Катя сжала кулон под платьем. Не реагировать. Нельзя реагировать.
Ужин начался. Лакеи разносили блюда. Катя машинально брала правильные приборы, стараясь не дрожать. Луиза стояла чуть поодаль, готовая в любой момент прийти на помощь. Катя чувствовала на себе тяжелый взгляд Далина, скользящий по ее рукам, следящий за каждым движением. Он не ел. Он наблюдал.
Себастьян, оправившись от шока, видимо, решил вернуть статус-кво. Он фыркнул, глядя на Катю.
«Знаешь, Катариночка, – начал он сладким, ядовитым тоном, – ты сегодня выглядишь… почти прилично. Видно, хороший стилист поработал.» Он оглядел стол с напускным весельем. «Наверное, после такого «преображения» даже герцог Далин захочет ускорить свадьбу, а? Хотя, что он там сможет найти под этим новым фасадом? Ту же пустоту?»
Граф фыркнул, притворяясь, что поперхнулся вином. Графиня язвительно улыбнулась. Далин оставался неподвижен, лишь его драконьи зрачки сузились еще больше.
Катя подняла глаза. Не на Далина, а на Себастьяна. В ее взгляде не было ни страха, ни злобы. Была… усталая смущенность. И легкая, почти незаметная улыбка тронула ее губы.
«Ты всегда отличался… своеобразным чувством юмора, Себастьян,» – сказала она тихо, но так, что было слышно всем. Ее голос звучал искренне, почти тепло. «Оно… освежает. Особенно в такой формальной обстановке.»

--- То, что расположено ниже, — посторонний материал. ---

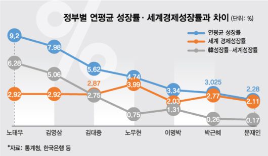 전통적으로 우리나라의 경제성장률은 대개 세계 전체 경제성장률을 웃돌았는데, 그 차이도 문재인정부에서 가장 작았다. 문재인정부 연평균 성장률은 약 2.3%로 해당기간 세계 경제성장률(세계은행 기준) 평균 2.11%과의 격차는 0.17%포인트(p)에 그쳤다. △노태우정부 6.28%p △김영삼 정부 5.06%p △김대중 정부 2.75%p △노무현 정부 0.75%p △이명박정부 1.31%p △박근혜정부 0.26%p에 비해 차이가 줄었다.

На столе снова воцарилась мертвая тишина. Себастьян остолбенел, его самодовольная ухмылка застыла. Граф перестал жевать. Графиня замерла с бокалом. Даже Далин слегка наклонил голову, его взгляд стал еще пристальнее. Никто не ожидал… комплимента. От Катарины. И уж тем более в ответ на издевку.
Себастьян покраснел, смущенно и зло, и уткнулся в тарелку. Напряжение висело в воздухе, как грозовая туча.
Разговор, точнее, монолог графа и осторожные реплики графини, переключился на безопасные темы: погоду, светские сплетни. Катя молчала, клевала еду, стараясь быть невидимой. Но Далин внезапно нарушил это хрупкое перемирие. Он повернулся к ней, его золотисто-змеиные глаза приковались к ее лицу.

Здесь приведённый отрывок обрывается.